Key to understanding Luke’s telling of the feeding of the five thousand is the struggle between the Lord and his Apostles. They come to him and urge him to dismiss the crowd. They are exhausted, hungry, and fully aware that they are in a deserted place. Perhaps they also fear the crowd turning on them in their hunger. The Lord’s response came in the form of a challenge, which they may have taken as a rebuke: “Give them some food yourselves.” The Apostles react incredulously: “Five loaves and two fish are all we have, unless we ourselves go and buy food for all these people.” But the Lord will have them do as he tells them. First, he prepares the crowd by having the Apostles sit everyone down, for they would have stood to listen to his teaching.
“Then taking the five loaves and the two fish, and looking up to heaven, he said the blessing over them, broke them, and gave them to the disciples to set before the crowd.” The Lord said the prescribed blessing over the loaves and fish in the baskets, and then broke them. He broke the loaves so that the people could eat them. His breaking the loaves showed his ownership of them and also that he accepted his responsibility as host to feed his guests. He had his disciples hand out the loaves and fish as though they were slaves at a banquet. To their credit, the Apostles do not revel and refuse to take part in what must have seemed an impossible task.
“They all ate and were satisfied.” The people ate until they had enough. We can imagine the effect of this miracle on the Apostles. They started as reluctant and as doubting and then became bewildered and amazed. Perhaps they wanted to say to the Lord, afterwards, as Peter had said at the time of the great catch of fish: “Leave me Lord, for I am a sinner” (Luke 5, 8).

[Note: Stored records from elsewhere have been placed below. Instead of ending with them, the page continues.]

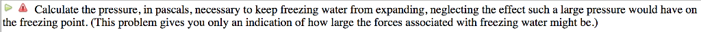 (17%) Problem 3: The density of water at 0°C is very nearly i 000 kg/m3 (it is actually 99984 kg/m), whereas the density of ice at 0°C is 917 kg/m3. The bulk modulus of ice is 2.20 x 10 Pa. Show transcribed image text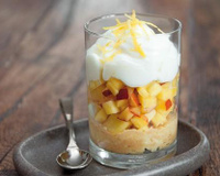 Dans une assiette creuse, versez le jus de pêche détendu avec l'eau, imprégnez les palets bretons de façon à les assouplir sans les détremper et les déposer dans le fond de la verrine.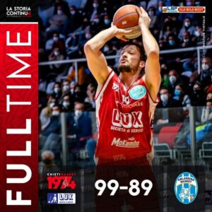 Missione compiuta. La difficile (e per nulla ) operazione salvezza è stata coronata questa sera sul parquet del Palatricalle “Sandro Leombroni”. La Lux Chieti Basket ha battuto Capo d’Orlando (99-89) ed ha conquistato la permanenza in A2 grazie alla contemporanea sconfitta casalinga  di Nardò contro Udine (91-100). Era la combinazione di risultati che doveva determinarsi perché la squadra di coach Calvani potesse festeggiare in anticipo (senza cioè aspettare i successivi impegni della fase ad orologio) la salvezza. Infatti, sommando i 2 punti di questa sera ai 6 che già vantavano i biancorossi nei confronti di Nardò al termine della stagione regolare (20 contro 14 nella classifica finale) il distacco sale ad 8 lunghezze, distanza incolmabile nelle tre gare che restano per concludere la fase ad orologio. La partita è stata sempre saldamente nelle mani di Meluzzi e compagni (54 a 37 all’intervallo lungo) ma la squadra siciliana ha lottato con grande e ammirevole impegno.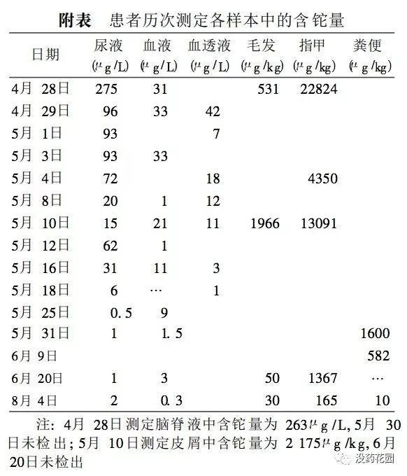 (图表来自陈震阳教授的论文《罕见的1例严重铊中毒情况介绍》)

This miracle might bring to mind that at the wedding at Cana, where Jesus produced an over-abundance of fine wine, and the only ones who knew about it were the servants who helped him and the Apostles. Here too, the Apostles knew very well how little they had to start with and what the Lord had done, while the crowd, or, at least, most of the crowd had no idea of what exactly had happened.
The Lord Jesus, in his overwhelming love for us, gives us not just enough but more, for as we see here: “When the leftover fragments were picked up, they filled twelve wicker baskets.” He gives us more than we could ask for even if we knew what to ask for. He gives us his Body and Blood to eat and drink although there was no need, strictly speaking, for him to do this: he redeemed us from sin by his Passion and Death on the Cross. He gives us this inestimable Sacrament in order to remind us of what he has done for us and in order to fortify us to live holy lives. He gives these to us too in order to prepare us to see him in heaven, whole and entire, and to enjoy his company there forever.